____ Data to examine

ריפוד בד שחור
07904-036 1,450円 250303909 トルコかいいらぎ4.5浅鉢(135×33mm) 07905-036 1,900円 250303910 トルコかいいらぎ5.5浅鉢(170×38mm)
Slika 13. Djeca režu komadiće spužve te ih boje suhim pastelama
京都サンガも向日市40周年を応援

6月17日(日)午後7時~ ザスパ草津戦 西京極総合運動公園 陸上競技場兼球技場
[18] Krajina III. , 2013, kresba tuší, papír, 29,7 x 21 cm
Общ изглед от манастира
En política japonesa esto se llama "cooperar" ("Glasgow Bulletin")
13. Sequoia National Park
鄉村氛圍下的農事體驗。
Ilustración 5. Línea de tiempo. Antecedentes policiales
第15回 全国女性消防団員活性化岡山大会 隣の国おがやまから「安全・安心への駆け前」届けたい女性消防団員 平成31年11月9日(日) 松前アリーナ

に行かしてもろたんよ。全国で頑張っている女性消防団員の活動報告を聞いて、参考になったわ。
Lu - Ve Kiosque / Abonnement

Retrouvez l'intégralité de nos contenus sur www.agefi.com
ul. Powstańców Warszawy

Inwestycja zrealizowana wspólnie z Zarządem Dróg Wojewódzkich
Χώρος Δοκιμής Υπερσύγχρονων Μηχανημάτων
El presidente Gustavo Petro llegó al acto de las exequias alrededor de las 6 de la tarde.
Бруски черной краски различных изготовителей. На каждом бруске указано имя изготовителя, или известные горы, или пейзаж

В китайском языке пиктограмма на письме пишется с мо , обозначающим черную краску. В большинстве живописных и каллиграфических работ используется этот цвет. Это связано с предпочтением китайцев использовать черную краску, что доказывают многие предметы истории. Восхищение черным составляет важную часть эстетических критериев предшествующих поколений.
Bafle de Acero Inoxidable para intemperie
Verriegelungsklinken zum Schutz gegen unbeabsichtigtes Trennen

________

Output the complete set of records word for word.

### Answer box
ריפוד בד שחור
07904-036 1,450円 250303909 トルコかいいらぎ4.5浅鉢(135×33mm) 07905-036 1,900円 250303910 トルコかいいらぎ5.5浅鉢(170×38mm)
Slika 13. Djeca režu komadiće spužve te ih boje suhim pastelama
京都サンガも向日市40周年を応援

6月17日(日)午後7時~ ザスパ草津戦 西京極総合運動公園 陸上競技場兼球技場
[18] Krajina III. , 2013, kresba tuší, papír, 29,7 x 21 cm
Общ изглед от манастира
En política japonesa esto se llama "cooperar" ("Glasgow Bulletin")
13. Sequoia National Park
鄉村氛圍下的農事體驗。
Ilustración 5. Línea de tiempo. Antecedentes policiales
第15回 全国女性消防団員活性化岡山大会 隣の国おがやまから「安全・安心への駆け前」届けたい女性消防団員 平成31年11月9日(日) 松前アリーナ

に行かしてもろたんよ。全国で頑張っている女性消防団員の活動報告を聞いて、参考になったわ。
Lu - Ve Kiosque / Abonnement

Retrouvez l'intégralité de nos contenus sur www.agefi.com
ul. Powstańców Warszawy

Inwestycja zrealizowana wspólnie z Zarządem Dróg Wojewódzkich
Χώρος Δοκιμής Υπερσύγχρονων Μηχανημάτων
El presidente Gustavo Petro llegó al acto de las exequias alrededor de las 6 de la tarde.
Бруски черной краски различных изготовителей. На каждом бруске указано имя изготовителя, или известные горы, или пейзаж

В китайском языке пиктограмма на письме пишется с мо , обозначающим черную краску. В большинстве живописных и каллиграфических работ используется этот цвет. Это связано с предпочтением китайцев использовать черную краску, что доказывают многие предметы истории. Восхищение черным составляет важную часть эстетических критериев предшествующих поколений.
Bafle de Acero Inoxidable para intemperie
Verriegelungsklinken zum Schutz gegen unbeabsichtigtes Trennen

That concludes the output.